*Input data*.

####

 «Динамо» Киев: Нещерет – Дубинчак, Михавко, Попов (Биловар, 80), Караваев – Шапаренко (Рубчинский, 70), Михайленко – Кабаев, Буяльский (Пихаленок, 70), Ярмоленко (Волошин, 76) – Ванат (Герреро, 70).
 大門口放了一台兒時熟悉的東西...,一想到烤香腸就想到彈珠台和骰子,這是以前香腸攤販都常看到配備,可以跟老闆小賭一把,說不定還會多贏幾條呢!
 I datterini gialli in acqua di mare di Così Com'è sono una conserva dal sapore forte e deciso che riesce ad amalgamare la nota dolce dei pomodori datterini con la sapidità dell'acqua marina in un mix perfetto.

####

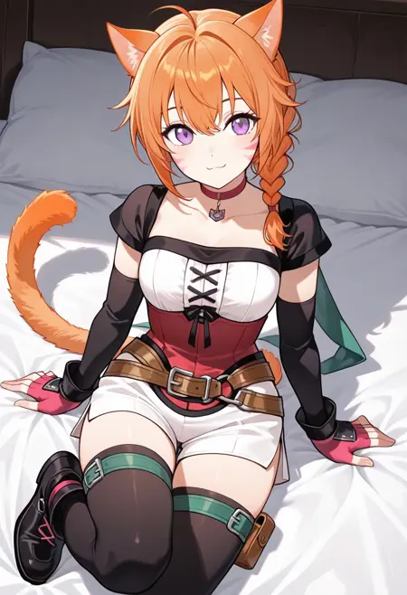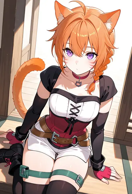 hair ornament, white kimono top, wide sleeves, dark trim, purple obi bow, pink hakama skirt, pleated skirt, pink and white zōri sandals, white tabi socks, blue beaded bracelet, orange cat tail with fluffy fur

####

*How to complete this task*. Give back, unchanged, the run of lines in the listing above that begins at the line containing "Ванат (Герреро, 70)." and ends at the line containing "I datterini gialli", both included.

*Task output*.
 «Динамо» Киев: Нещерет – Дубинчак, Михавко, Попов (Биловар, 80), Караваев – Шапаренко (Рубчинский, 70), Михайленко – Кабаев, Буяльский (Пихаленок, 70), Ярмоленко (Волошин, 76) – Ванат (Герреро, 70).
 大門口放了一台兒時熟悉的東西...,一想到烤香腸就想到彈珠台和骰子,這是以前香腸攤販都常看到配備,可以跟老闆小賭一把,說不定還會多贏幾條呢!
 I datterini gialli in acqua di mare di Così Com'è sono una conserva dal sapore forte e deciso che riesce ad amalgamare la nota dolce dei pomodori datterini con la sapidità dell'acqua marina in un mix perfetto.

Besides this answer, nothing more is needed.